## REQUIREMENT
In the copy, every record below must appear exactly as given, and no picture may appear.

——

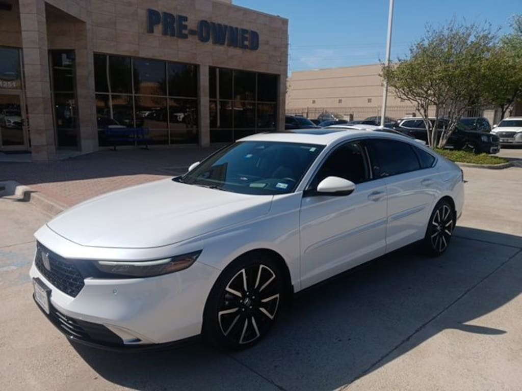 Platinum White Pearl 2023 Honda Accord Hybrid Touring 2.0L 16V DOHC FWD eCVT **CARFAX ONE OWNER**, **CLEAN CARFAX**, **LOCAL TRADE**, **NAVIGATION**, **MOONROOF**, **KEYLESS ENTRY**, **LEATHER INTERIOR**, **REARVIEW CAMERA**, **BLUETOOTH / HANDS FREE CALLING**, **VENTILATED SEATS**, **FRONT AND REAR HEATED SEATS**, **HEADS-UP DISPLAY**, **APPLE CARPLAY AND ANDROID AUTO**, ABS brakes, Adaptive Cruise Control: Adaptive Cruise Control (ACC) with Low-Speed Follow, Apple CarPlay/Android Auto, Auto-dimming Rear-View mirror, Bose Premium Sound System, Exterior Parking Camera Rear, Front anti-roll bar, Heads-Up Display, Heated & Ventilated Front Bucket Seats, Heated door mirrors, Heated front seats, Heated rear seats, Knee airbag, Lane departure: Lane Keeping Assist System (LKAS) active, Memory seat, Navigation System, Overhead airbag, Power driver seat, Power moonroof, Power passenger seat, Rear anti-roll bar, Remote keyless entry, Steering wheel mounted audio controls, Ventilated front seats, Wheels: 19" x 8.5J Berlina Black.
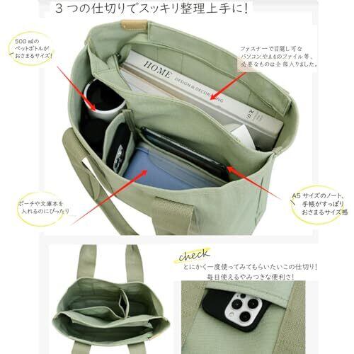 [Volsha] トートバック 仕切りトート キャンバス A4 横 大容量 レディーストート キャンバス 無地 自立 キャンパストート帆布 通勤通学
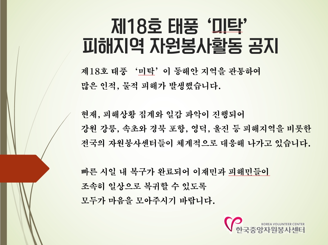 공지사항 [공지] 제18호 태풍 '미탁' 피해지역 자원봉사활동 공지 2019.10.03 관리자 이전글 [공지] 2019 안녕 캠페인 우수사례 경진대회 심사결과 알림 목록 다음글 [공지] '자원봉사 안녕체' 대상과 사용범위 알고 사용하기!
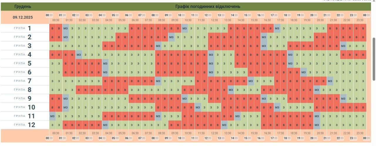 График отключения света в Виннице с 8 по 14 декабря. Фото: Винницаоблэнерго
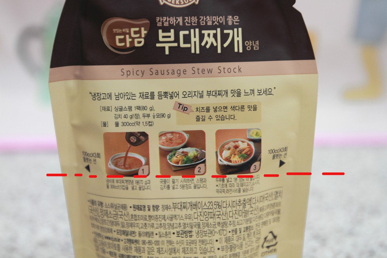 Add the stock paste to the pot. Then use the empty Baek Sul stock packet to measure 3 packets of water (300cc), pour them into the pot and cook. Notice there’s a marker at the back of the stock packet โ—„100 cc x 3ํšŒโ–บ, use that to gauge.

——

## EXERCISE OUTPUT
 Platinum White Pearl 2023 Honda Accord Hybrid Touring 2.0L 16V DOHC FWD eCVT **CARFAX ONE OWNER**, **CLEAN CARFAX**, **LOCAL TRADE**, **NAVIGATION**, **MOONROOF**, **KEYLESS ENTRY**, **LEATHER INTERIOR**, **REARVIEW CAMERA**, **BLUETOOTH / HANDS FREE CALLING**, **VENTILATED SEATS**, **FRONT AND REAR HEATED SEATS**, **HEADS-UP DISPLAY**, **APPLE CARPLAY AND ANDROID AUTO**, ABS brakes, Adaptive Cruise Control: Adaptive Cruise Control (ACC) with Low-Speed Follow, Apple CarPlay/Android Auto, Auto-dimming Rear-View mirror, Bose Premium Sound System, Exterior Parking Camera Rear, Front anti-roll bar, Heads-Up Display, Heated & Ventilated Front Bucket Seats, Heated door mirrors, Heated front seats, Heated rear seats, Knee airbag, Lane departure: Lane Keeping Assist System (LKAS) active, Memory seat, Navigation System, Overhead airbag, Power driver seat, Power moonroof, Power passenger seat, Rear anti-roll bar, Remote keyless entry, Steering wheel mounted audio controls, Ventilated front seats, Wheels: 19" x 8.5J Berlina Black.
 [Volsha] トートバック 仕切りトート キャンバス A4 横 大容量 レディーストート キャンバス 無地 自立 キャンパストート帆布 通勤通学
 공지사항 [공지] 제18호 태풍 '미탁' 피해지역 자원봉사활동 공지 2019.10.03 관리자 이전글 [공지] 2019 안녕 캠페인 우수사례 경진대회 심사결과 알림 목록 다음글 [공지] '자원봉사 안녕체' 대상과 사용범위 알고 사용하기!
 График отключения света в Виннице с 8 по 14 декабря. Фото: Винницаоблэнерго
 Add the stock paste to the pot. Then use the empty Baek Sul stock packet to measure 3 packets of water (300cc), pour them into the pot and cook. Notice there’s a marker at the back of the stock packet โ—„100 cc x 3ํšŒโ–บ, use that to gauge.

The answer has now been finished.